What is a Package?

A package is a schema object that groups logically related PL/SQL types, variables, constants, subprograms, cursors, and exceptions. A package is compiled and stored in the database, where many applications can share its contents.

A package always has a specification, which declares the public items that can be referenced from outside the package.

If the public items include cursors or subprograms, then the package must also have a body. The body must define queries for public cursors and code for public subprograms. The body can also declare and define private items that cannot be referenced from outside the package, but are necessary for the internal workings of the package. Finally, the body can have an initialization part, whose statements initialize variables and do other one-time setup steps, and an exception-handling part. You can change the body without changing the specification or the references to the public items; therefore, you can think of the package body as a black box.

In either the package specification or package body, you can map a package subprogram to an external Java, JavaScript, or C subprogram by using a call specification, which maps the external subprogram name, parameter types, and return type to their SQL counterparts.

The AUTHID clause of the package specification determines whether the subprograms and cursors in the package run with the privileges of their definer (the default) or invoker, and whether their unqualified references to schema objects are resolved in the schema of the definer or invoker.

The ACCESSIBLE BY clause of the package specification lets you specify a white list of PL/SQL units that can access the package.
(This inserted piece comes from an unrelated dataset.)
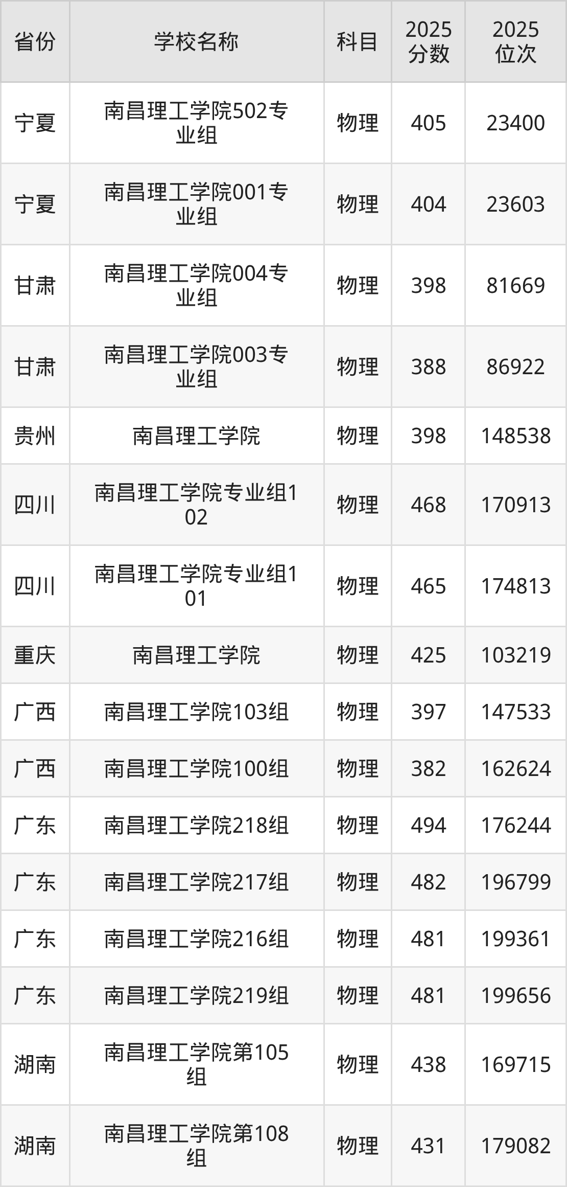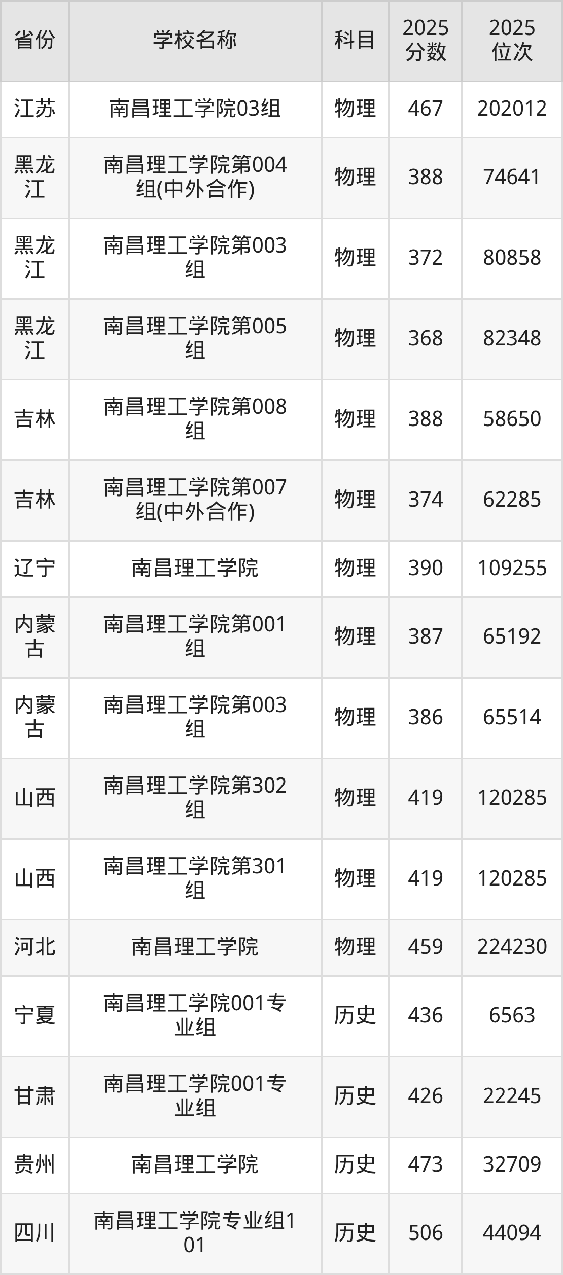 可见,南昌理工学院的不同专业组,在“招生专业、录取分数线”等方面有较大区别。物理类专业组之间的分数线差距高达25分。

You use this clause in situations like these:

  • You implement a PL/SQL application as several packages—one package that provides the application programming interface (API) and helper packages to do the work. You want clients to have access to the API, but not to the helper packages. Therefore, you omit the ACCESSIBLE BY clause from the API package specification and include it in each helper package specification, where you specify that only the API package can access the helper package.

  • You create a utility package to provide services to some, but not all, PL/SQL units in the same schema. To restrict use of the package to the intended units, you list them in the ACCESSIBLE BY clause in the package specification.